Friday, July 25, 2008

I just want to eat it all away...

I'm upset.

My sister called me today and asked me to loan her $1,000. She had fallen behind on bills and needed the money as a bridge until she could get caught up. There was only one condition: I couldn't tell her husband about the loan.

Ok. I don't loan people money. I don't ever want money to come between me and someone I love. If we were going to help it was going to be a gift.

After much discussion with my husband, we decided to give her the money on one condition: she tells her husband about the gift.

She declined our offer of assistance.

This entire situation saddens me for so many reasons.
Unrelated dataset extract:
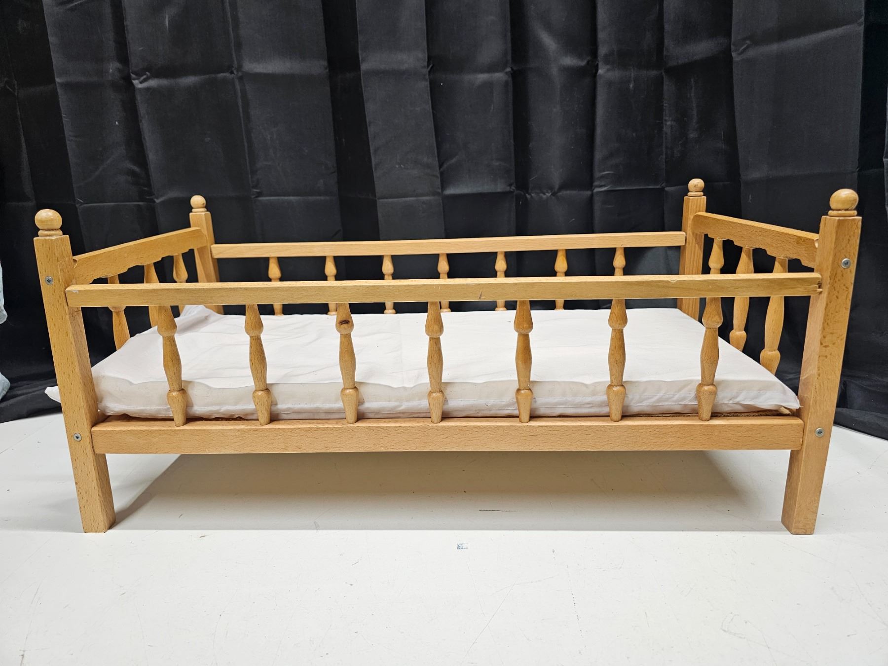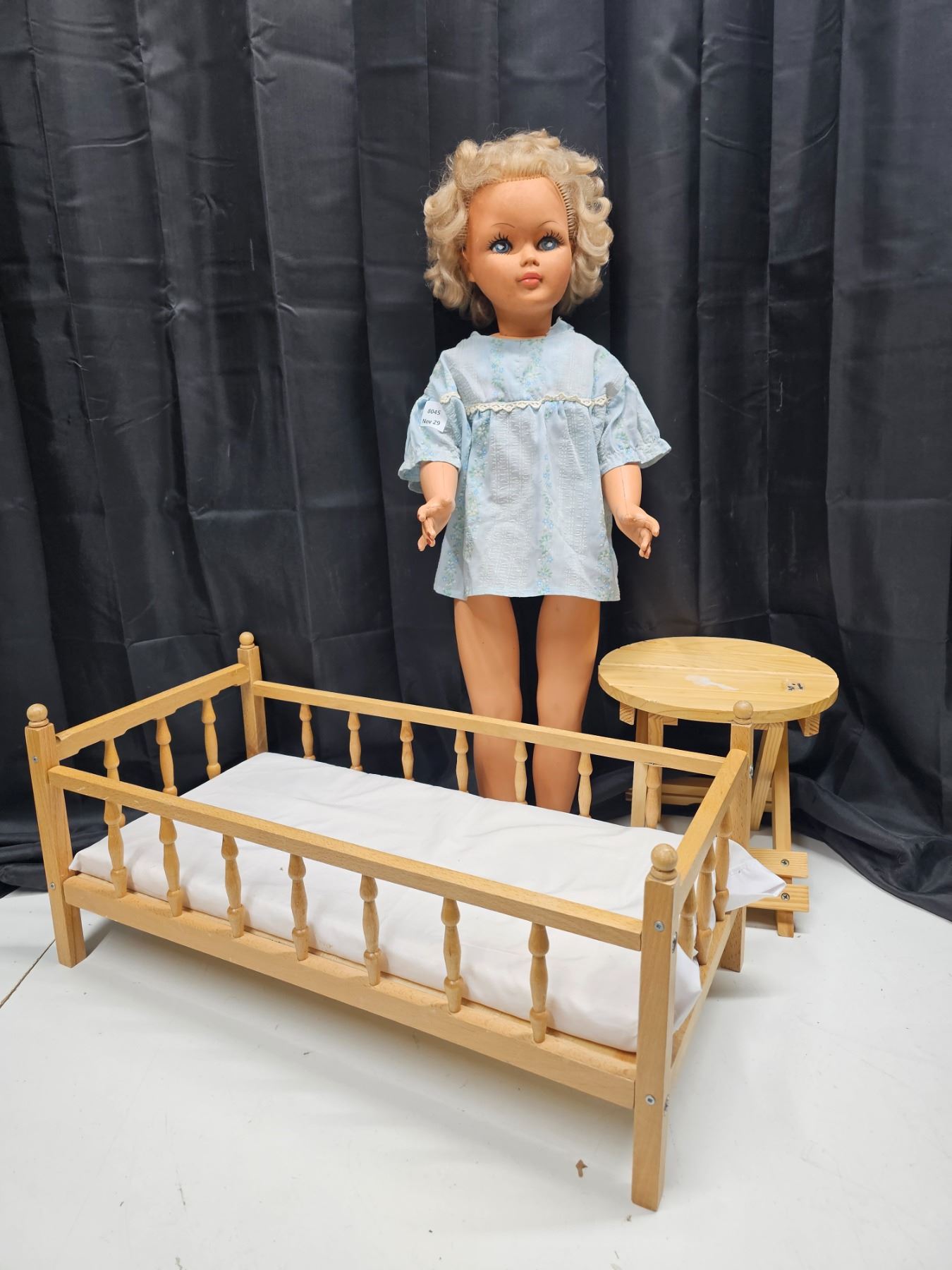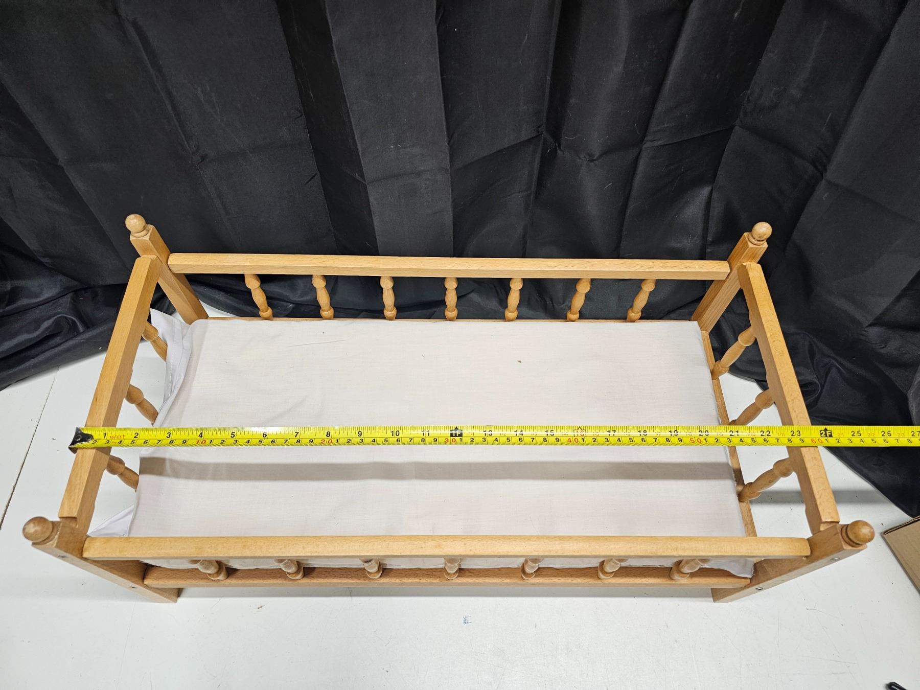 30" Vintage Doll with Wooden Doll Crib and Small Foldable Wooden Stool

1 - My sister is hurting. I want her to stop hurting, but if I have to be dishonest to do so, I'm not interested. However, it's still really upsetting that she's hurting.

2 - My sister can't be honest with her husband. I would NEVER hide something like this from my husband. If I'm in a pinch (due to circumstance or my own actions), I KNOW I can call on him for help without the fear of his judgement. I'm human and I make mistakes and that's ok with him. He's also human and makes mistakes and that's ok with me. It's upsetting that my sister feels she has to shoulder the knowledge of this financial burden alone.

3 - My sister is too proud to let her husband think "she can't handle the finances". I hate that her pride is causing her so much pain.

4 - This is so easily remedied, but she won't take the actions necessary to fix it. If she went to her husband and told him what was going on, they could shoulder this burden as a team. Sure, he might be upset that she waited until ends were nowhere near meeting to tell him, but he'll get over it and then they can move forward together. She's so terrified of his disapproval that she'd rather suffer alone and in silence.

This is so upsetting. I just want to eat all of this sadness away.